Stress is a physical and a psychological response to a state of mind, and that state of mind can be gradually changed with Yogic philosophy, meditation, breathing exercises, and specific stretches designed to release body stress and tension. Stress can often be healed just through meditation alone. With meditation your attention or conscious awareness is intentionally directed away from the sources of stress and refocused onto the inner order and natural ease of the soul from where you are healed. With Yoga you are empowered by a deeper self understanding and awareness and value fulfillment, with yoga you will find that you are able to cope with stress quite effectively.

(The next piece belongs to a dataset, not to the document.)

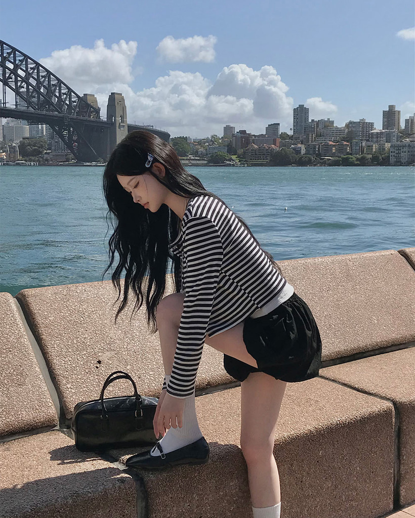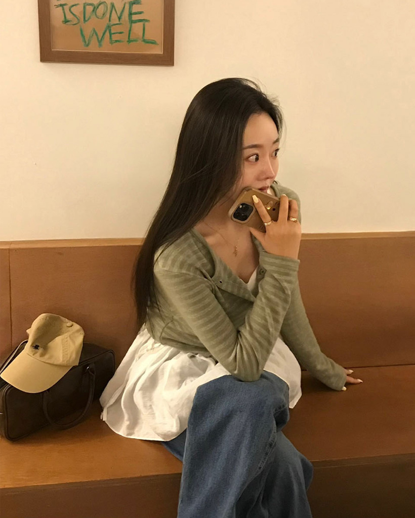 ボタンをいくつか外すとナチュラルに見える鎖骨ラインで華奢なムードまで演出できます!

Mental control, intellectual acuity , stress free psychological health, physical health, vitality, plus emotional healing and balance, are all the wonderful by-products of Yoga practice. Yoga does all this marvelous work not by any imposition of rigid dogma or psychological intimidation but by teaching us to turn inward and bring your attention back onto the natural wonders with us all. Yoga should therefore be the primary component in your stress management program. Yoga may also be used to prevent the onset of stress, if you start to incorporate some simple yoga stress relief stretches, breathing exercises and some simple meditations into daily routine you could prevent stress from building up. Start living stress free. Practice Yoga Everyday.